# Fraternal greetings from a displaced Texas Mason in Wyoming



## AndyMac67 (May 16, 2010)

Howdy folks - 

As the thread title suggests, I am currently a displaced Texas Mason from Sul Ross Lodge #1300 in College Station, TX, currently living under the jurisdiction of the Grand Lodge of Wyoming.  

I consider it a testament to my home lodge in Texas and to Freemasonry in Texas in general that, having only been a Master Mason for a year and a half, and a Mason in Wyoming for a year and a half, I am already Junior Warden of Riverton Lodge #26 in Riverton, Wyoming, and have been appointed to a Grand Lodge of Wyoming office as Education Councilor for Central Wyoming.

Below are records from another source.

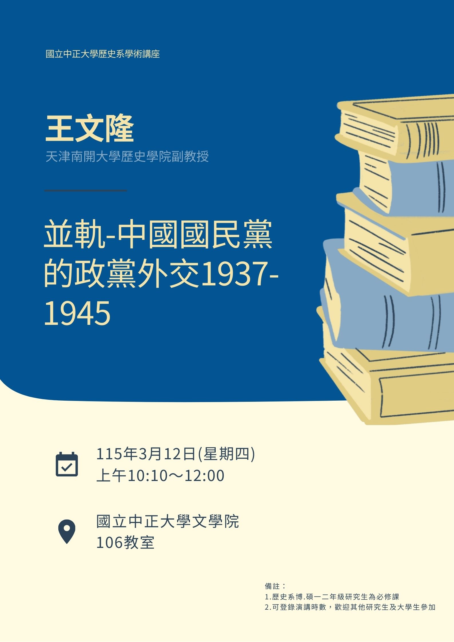 【學術演講】115/3/12天津南開大學歷史學院王文隆副教授「並軌-中國國民黨的政黨外交1937-1945」專題演講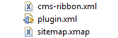 the file plugin.xml is mandatory. It contains the declaration of extension points, configuration parameters and site parameters required by plugin. the file sitemap.xmap contains all the cocoon pipelines required for the plugin the file cms-ribbon.xml defines ribbon buttons associated with plugin (optional)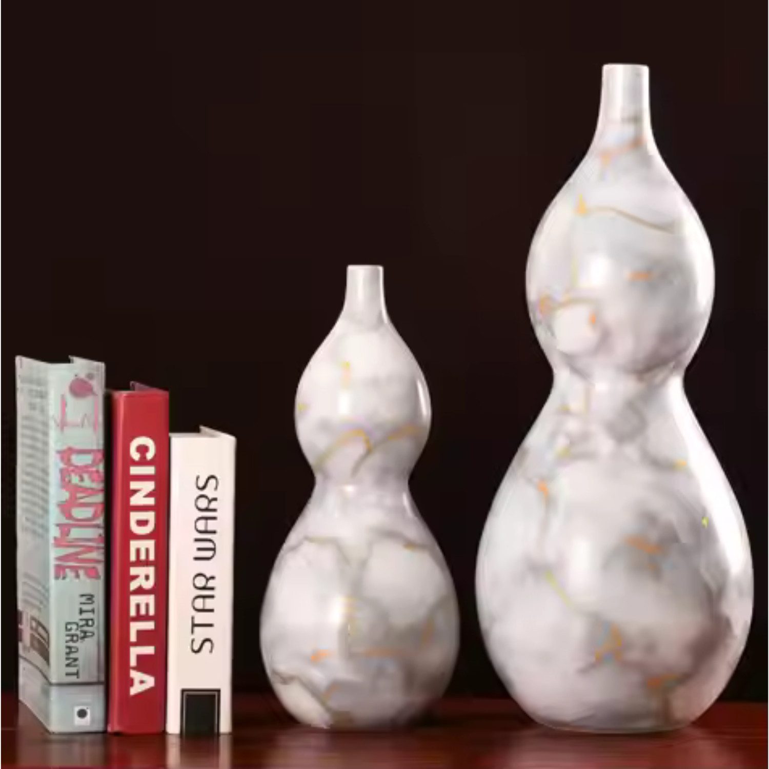 Dieses stilvolle 2er-Set aus Keramikvasen verbindet modernes Design mit luxuriösen Akzenten. Die edle Marmoroptik in Grau mit goldenen Highlights und die elegante Kürbisform machen die Vasen zu einem zeitgemäßen Highlight für jedes Interieur. Ideal für frische Blumen, Trockensträuße oder als dekorative Skulpturen – ob auf dem Sideboard, Couchtisch oder im Flur. Das Set verleiht jedem Raum eine stilvolle Note mit zeitloser Eleganz.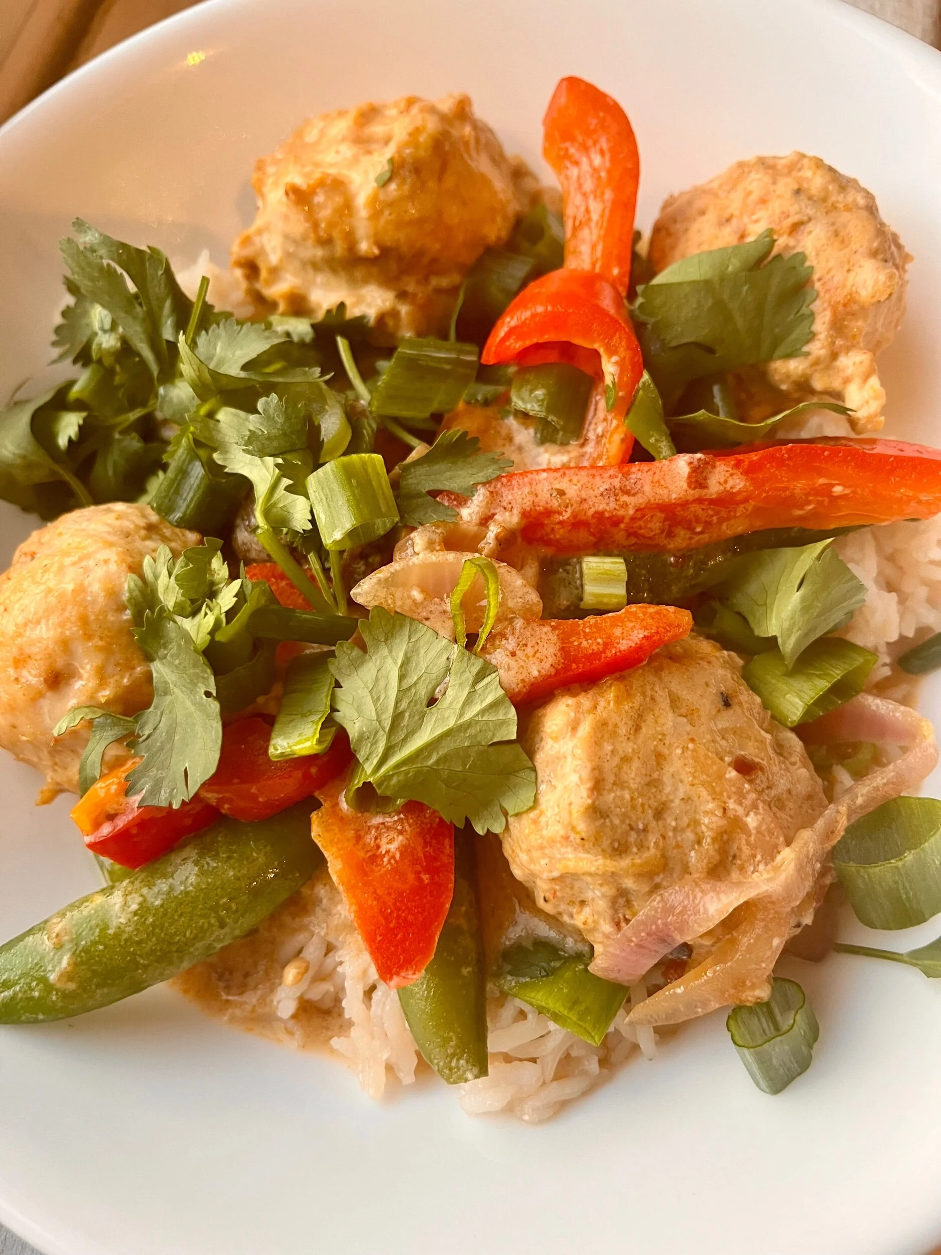 Serving of 3 meatballs, 2/3 a cup of rice, 1/2 cup of veggies and herbs and 1/2 cup coconut curry broth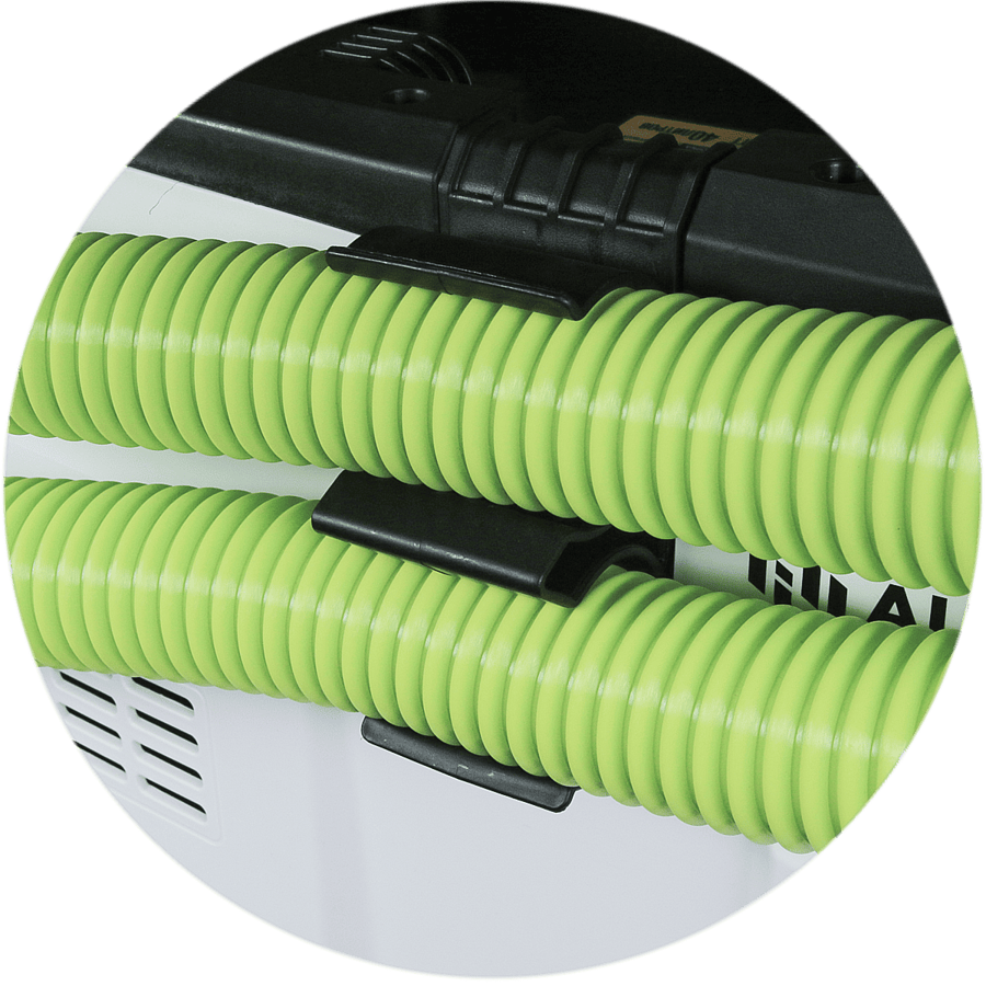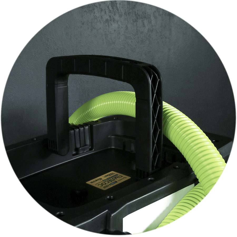 Пылесос оснащён внутренней пневмолинией, позволяющей обеспечить подключение пневмоинструмента непосредственно через пылесос.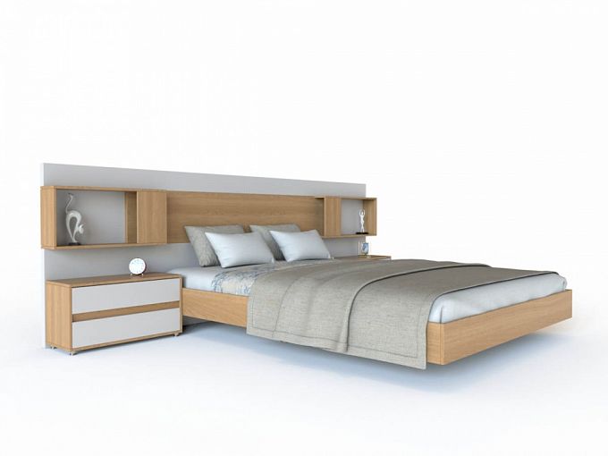 Кровать с полками Мая 25 BMS будет эффектна в просторных помещениях и подчеркнет визуальную легкость современной спальни. Выполненная в сочетании белого и светлых древесных тонов, модель на высоких опорах создает иллюзию парящей в воздухе мебели. Комбинированная широкая спинка изголовья с открытыми полочками позволит выигрышно разместить книги, декоративные предметы, необходимые личные вещи владельцев. Купить кровать с полками Мая 25 BMS по лучшей цене вы сможете в нашем интернет-магазине.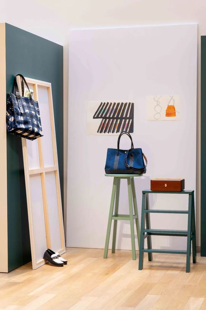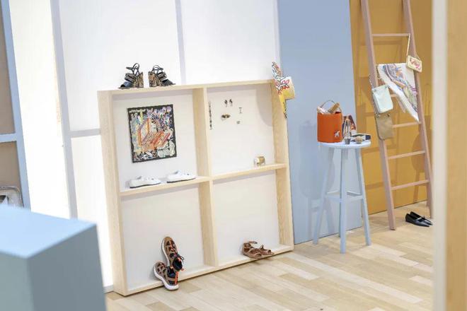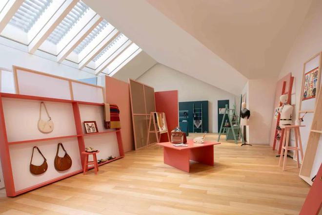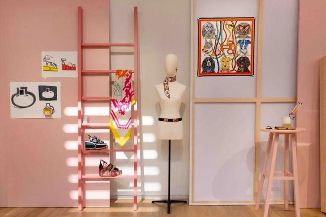粉色空间,作为画室创意迸发的灵感之所,细腻展陈精心打造的全新作品,Petit Tour 41 小牛皮手袋、Kiga钩织面料配皮革运动鞋、Oud Alezan爱马仕闻香珍藏系列乌木灵犀香型香水和“跳跃,爱马仕”(Saut Hermès)羊绒配真丝男士菱形巾成为粉色之境的主角,于优雅的氛围中,交织出绮丽的匠艺世界。

I look forward to many an enlightening discussion here, as well as finding ideas and tidbits of Masonic Education that I can use to further the craft up here in The Cowboy State.

Fraternally,
- Andy McNeel
  Riverton, WY


----------



## Blake Bowden (May 16, 2010)

Glad to have you Brother McNeel!


----------



## JTM (May 17, 2010)

i know this guy


----------



## Bro. Stewart P.M. (May 17, 2010)

Welcome Brother Andy!


----------



## Casey (May 26, 2010)

Welcome brother!


----------